◆ Your assignment:
For the data below, transcribe the part that opens with the line containing "31下午,揚州市政府副市長陳" and closes with the line containing "En misschien is", exactly and with no pictures.

◆ Material shown:
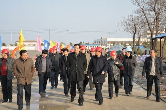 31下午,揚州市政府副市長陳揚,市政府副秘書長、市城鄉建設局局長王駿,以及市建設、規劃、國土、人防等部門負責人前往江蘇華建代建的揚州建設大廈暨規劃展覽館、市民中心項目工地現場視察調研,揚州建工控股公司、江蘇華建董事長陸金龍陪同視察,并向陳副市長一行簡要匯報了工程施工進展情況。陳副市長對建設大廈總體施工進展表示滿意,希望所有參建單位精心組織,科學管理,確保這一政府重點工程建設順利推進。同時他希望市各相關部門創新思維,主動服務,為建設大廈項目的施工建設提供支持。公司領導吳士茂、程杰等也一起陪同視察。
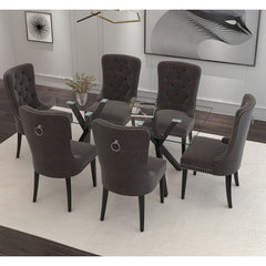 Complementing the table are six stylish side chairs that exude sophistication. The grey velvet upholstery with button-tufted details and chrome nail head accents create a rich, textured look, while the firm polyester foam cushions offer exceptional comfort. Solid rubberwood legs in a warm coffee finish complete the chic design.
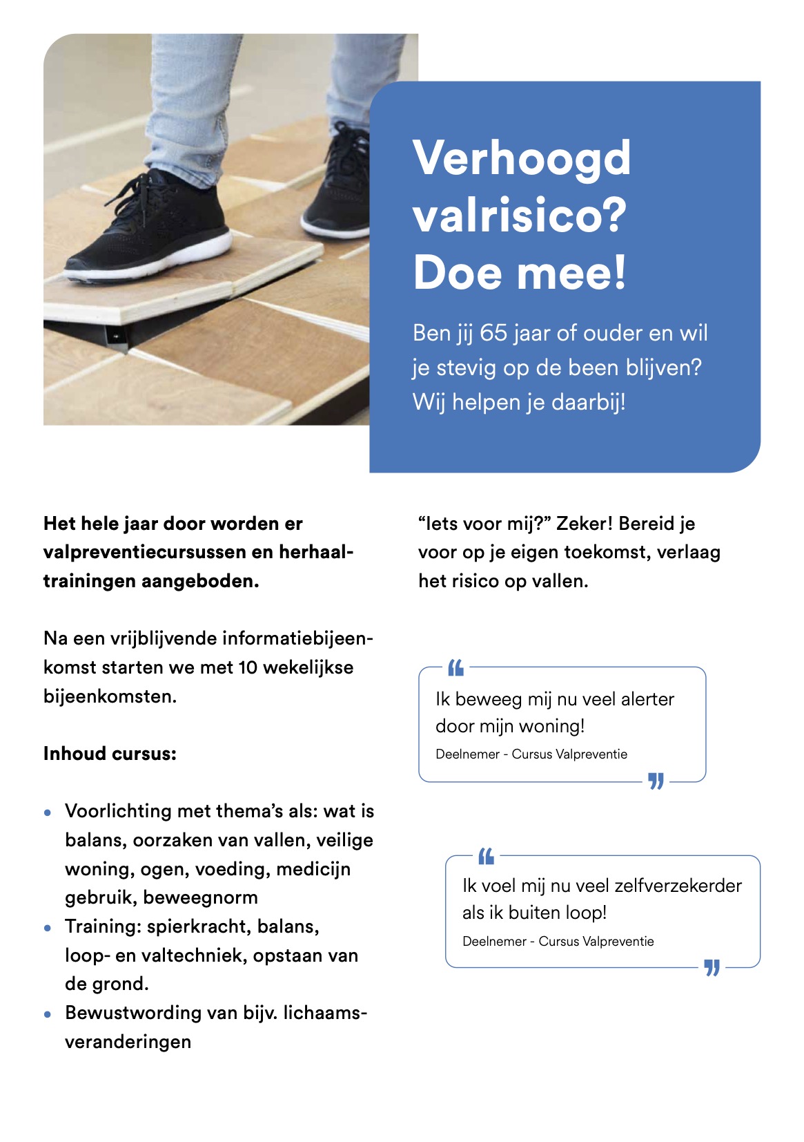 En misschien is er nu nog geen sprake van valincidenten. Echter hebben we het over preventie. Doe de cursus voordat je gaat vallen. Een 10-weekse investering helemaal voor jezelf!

...

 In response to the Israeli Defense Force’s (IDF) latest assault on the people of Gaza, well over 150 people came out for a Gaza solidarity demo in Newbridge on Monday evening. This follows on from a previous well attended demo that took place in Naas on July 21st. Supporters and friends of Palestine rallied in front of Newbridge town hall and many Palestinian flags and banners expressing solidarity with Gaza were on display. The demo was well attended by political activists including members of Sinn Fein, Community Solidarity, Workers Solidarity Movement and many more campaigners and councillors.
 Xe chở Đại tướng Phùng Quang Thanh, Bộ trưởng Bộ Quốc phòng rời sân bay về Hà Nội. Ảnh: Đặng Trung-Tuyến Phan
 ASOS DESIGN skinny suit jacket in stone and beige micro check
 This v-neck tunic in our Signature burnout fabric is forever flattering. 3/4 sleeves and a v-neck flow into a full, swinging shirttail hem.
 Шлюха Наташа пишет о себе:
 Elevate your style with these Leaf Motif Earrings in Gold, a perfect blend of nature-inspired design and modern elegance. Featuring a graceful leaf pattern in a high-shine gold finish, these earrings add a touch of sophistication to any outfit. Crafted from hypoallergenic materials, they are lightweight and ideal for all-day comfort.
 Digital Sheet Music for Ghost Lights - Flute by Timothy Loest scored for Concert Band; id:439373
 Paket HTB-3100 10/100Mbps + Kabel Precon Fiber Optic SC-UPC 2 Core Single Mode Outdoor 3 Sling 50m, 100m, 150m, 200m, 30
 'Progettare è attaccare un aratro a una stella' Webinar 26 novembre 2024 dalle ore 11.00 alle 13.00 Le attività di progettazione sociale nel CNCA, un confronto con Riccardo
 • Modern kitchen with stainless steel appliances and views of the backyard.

◆ Written response:
 31下午,揚州市政府副市長陳揚,市政府副秘書長、市城鄉建設局局長王駿,以及市建設、規劃、國土、人防等部門負責人前往江蘇華建代建的揚州建設大廈暨規劃展覽館、市民中心項目工地現場視察調研,揚州建工控股公司、江蘇華建董事長陸金龍陪同視察,并向陳副市長一行簡要匯報了工程施工進展情況。陳副市長對建設大廈總體施工進展表示滿意,希望所有參建單位精心組織,科學管理,確保這一政府重點工程建設順利推進。同時他希望市各相關部門創新思維,主動服務,為建設大廈項目的施工建設提供支持。公司領導吳士茂、程杰等也一起陪同視察。
 Complementing the table are six stylish side chairs that exude sophistication. The grey velvet upholstery with button-tufted details and chrome nail head accents create a rich, textured look, while the firm polyester foam cushions offer exceptional comfort. Solid rubberwood legs in a warm coffee finish complete the chic design.
 En misschien is er nu nog geen sprake van valincidenten. Echter hebben we het over preventie. Doe de cursus voordat je gaat vallen. Een 10-weekse investering helemaal voor jezelf!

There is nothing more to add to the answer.